→ **What you are asked to do**: Search the records below for the word "Light", then return every line where it appears.

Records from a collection
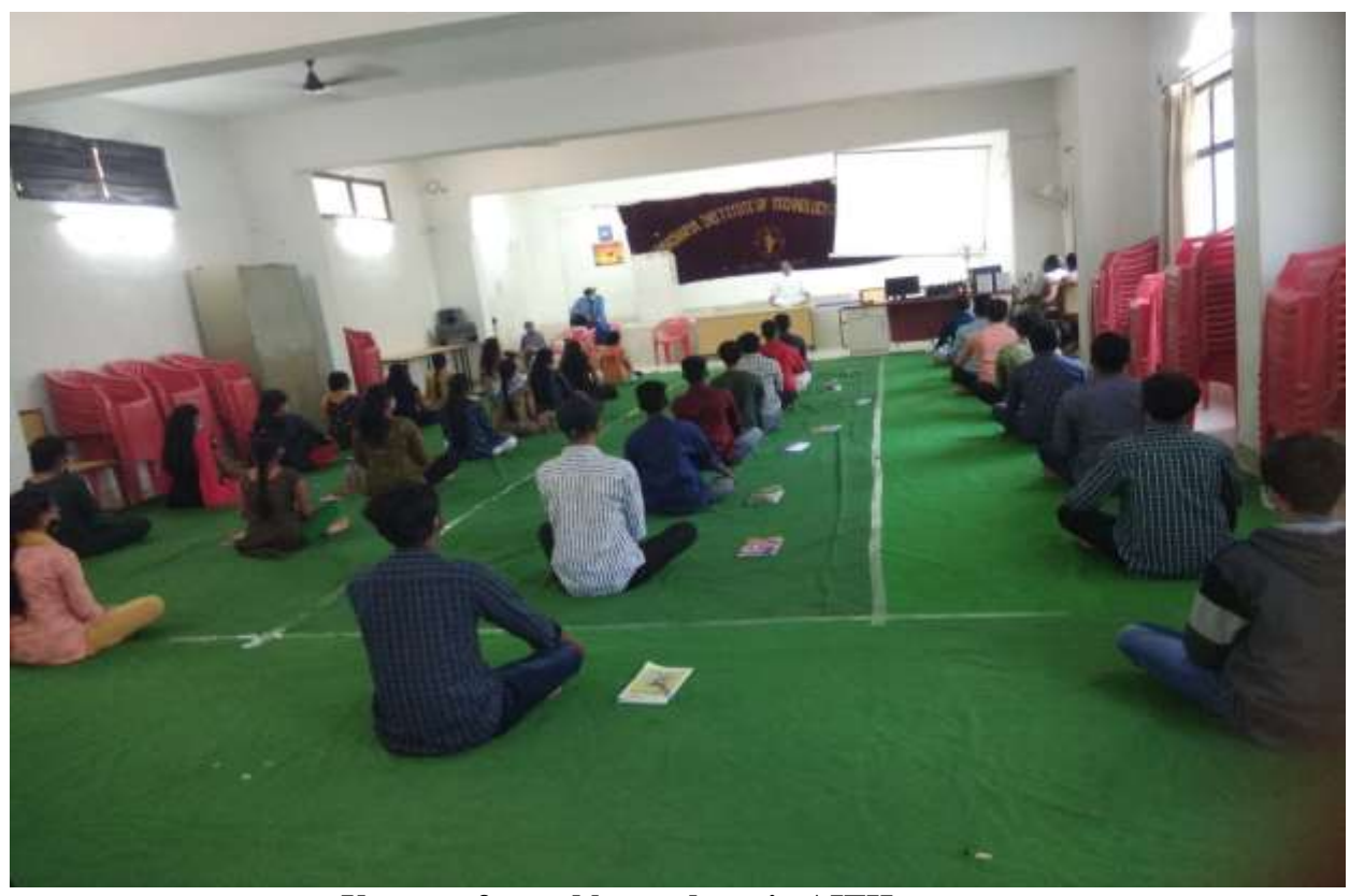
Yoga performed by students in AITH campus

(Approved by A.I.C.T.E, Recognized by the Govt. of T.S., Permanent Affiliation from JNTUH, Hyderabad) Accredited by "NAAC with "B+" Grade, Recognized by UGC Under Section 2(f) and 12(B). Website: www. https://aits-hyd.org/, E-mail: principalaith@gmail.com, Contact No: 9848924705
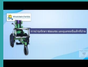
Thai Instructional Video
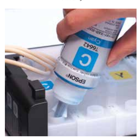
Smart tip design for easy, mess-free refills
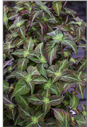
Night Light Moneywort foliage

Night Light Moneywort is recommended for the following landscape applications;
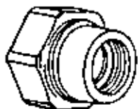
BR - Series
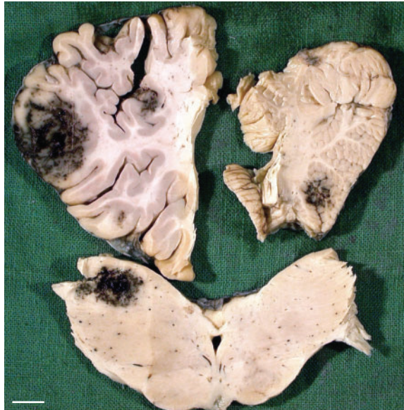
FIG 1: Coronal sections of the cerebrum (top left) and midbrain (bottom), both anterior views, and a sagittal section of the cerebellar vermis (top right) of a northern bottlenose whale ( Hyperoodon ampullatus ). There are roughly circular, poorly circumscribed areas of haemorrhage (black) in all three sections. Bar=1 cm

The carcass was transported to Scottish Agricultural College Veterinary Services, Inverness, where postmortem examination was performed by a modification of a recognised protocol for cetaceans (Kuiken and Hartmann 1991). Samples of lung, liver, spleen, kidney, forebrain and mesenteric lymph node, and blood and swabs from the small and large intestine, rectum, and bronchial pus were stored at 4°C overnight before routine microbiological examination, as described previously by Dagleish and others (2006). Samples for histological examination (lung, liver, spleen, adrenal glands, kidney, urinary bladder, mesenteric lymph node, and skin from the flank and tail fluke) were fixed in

→ **The answer**:
Night Light Moneywort foliage
Night Light Moneywort is recommended for the following landscape applications;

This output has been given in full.